Original plans were for WRCM to be a satellite station of Columbia Bible College's original station, WMHK. However, these plans were scrapped, and the station was largely operated and programmed separately from WMHK. However, longtime general manager Joe Paulo was named director of broadcasting at CIU after the departure of WMHK's General Manager Jerry Grimes, with oversight over both stations. Under his watch, WMHK began simulcasting WRCM's "Family Friendly Morning Show," and the two stations both aired the syndicated "Scott and Sam" show on weeknights.

==Signal==
During its time as a local broadcaster, the station identified itself as "New Life 91.9, WRCM Wingate/Charlotte" and heavily promoted churches throughout the Charlotte metropolitan area. However, its signal is not as strong as those of the major FM stations in the Charlotte area. For most of its history, it operated at only 10,000 watts, resulting in marginal coverage even in some parts of Charlotte. In many of Charlotte's inner-ring suburbs, it could only be heard on car radios. It has since increased its power to 30,000 watts. However, it still operates from a tiny (by modern broadcasting standards) 495-foot tower near its former studios in Indian Trail. This is necessary to protect WSGE in Dallas, which is located on adjacent 91.7 FM. As a result, it still only provides grade B coverage to large parts of the market. Before the addition of the WRZM simulcast, most Christian music fans in the western part of the market got a better signal from WMIT in the Asheville area.

==Programming==
Before its switch to K-LOVE, WRCM's music rotation consisted of six or seven current songs in heavy rotation and a mix of six or seven new songs and "classics" from the last two to five years in medium rotation played in a tight format, often back to back with only the station jingle separating songs from each other. New songs were chosen with the help of the listener advisory panel.

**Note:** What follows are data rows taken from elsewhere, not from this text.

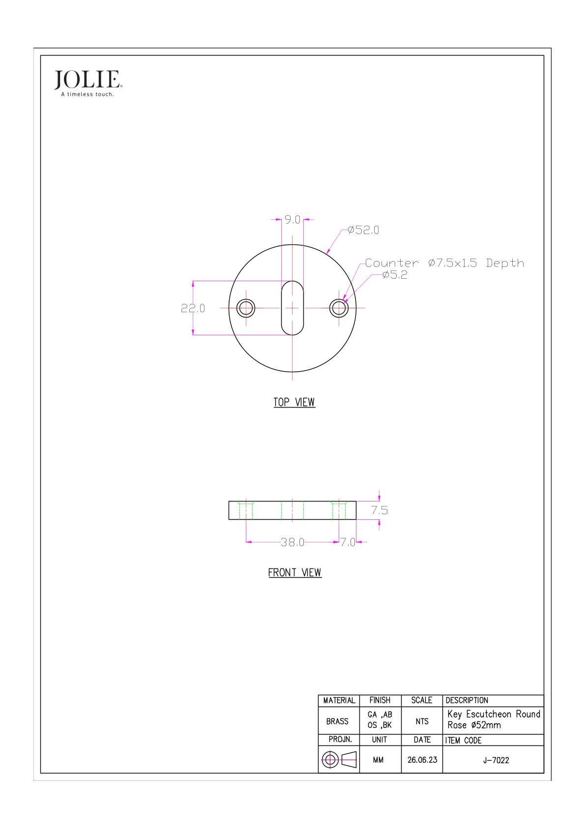 De JOLIE sleutelplaatjes J-7022 vormen een elegante en hoogwaardige afwerking voor uw deurbeslag. Ze zijn vervaardigd uit massief messing en geproduceerd volgens een ambachtelijke zandgietmethode, wat zorgt voor zowel karakter als duurzaamheid.
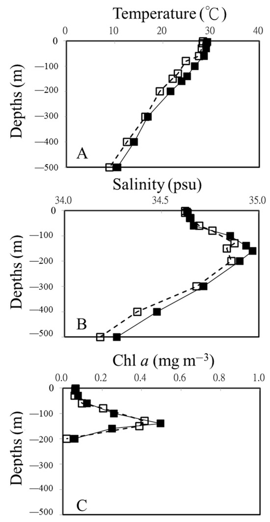 Vertical profiles of temperature (A), salinity (B), and Chl a (C) at out of eddy (OE) (white squares) and eddy core (EC) (black squares).
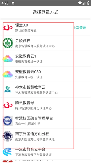 3、在【选择登录方式】界面里,设有【课堂3.0】【金陵微校】等多种认证途径,大家可以挑选合适的方式来完成登录步骤。
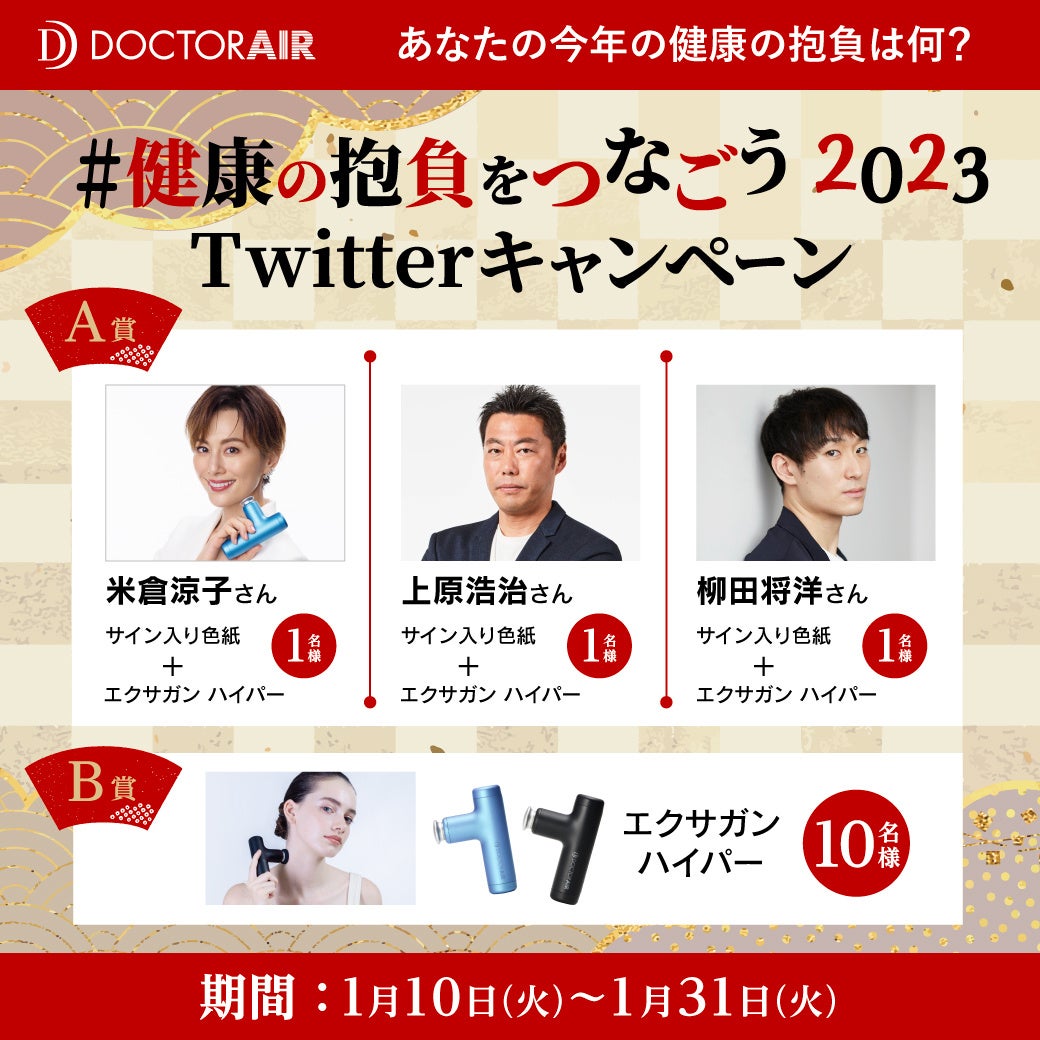 全国約4,000店で取り扱われているトータルボディケアブランド『ドクターエア』の公式Twitterにて<#健康の抱負をつなごう2023Twitterキャンペーン>を、2023年1月10日(火)~ 2023年1月31日(火)の期間に実施いたします。今回のキャンペーンでは、『ドクターエア』のブランドアンバサダー・スペシャルアドバイザーの直筆サイン入り色紙などを抽選でプレゼントいたします。

The station often promoted live concerts by Contemporary Christian (CCM) musicians, and carried out its Christian mission by performing good works such as collecting donations of baby clothes to support mothers in need who might otherwise consider getting abortions.

WRCM used the "Charlotte's Number One" Radio Jingle package from RadioScape until it switched to the K-LOVE programming format.

Starting in 2014, WRCM was simulcast on WRZM in Boiling Springs, North Carolina.

On October 6, 2014, it was announced that WRCM, along with translators WRZM, W268BU, and sister station WMHK, were being sold to EMF Broadcasting. The deal closed on December 19, 2014, a day later than expected because of last-minute legal issues. General manager Joe Paulo signed station off as a local broadcasting entity with a prayer and Chris Rice's rendition of "Great is Thy Faithfulness" at 4:32 p.m. At that point, WRCM flipped its programming to the national K-LOVE network. Paulo said that the hymn was the first song ever played on WRCM when it signed on in 1993. K-LOVE already owned WWLV in Lexington, North Carolina, which provides a fairly strong signal to the northern portion of the Charlotte market. The combined footprint of WMHK, WRCM/WLXK, WWLV, and WKVK gives K-LOVE at least secondary coverage to more than half of North and South Carolina.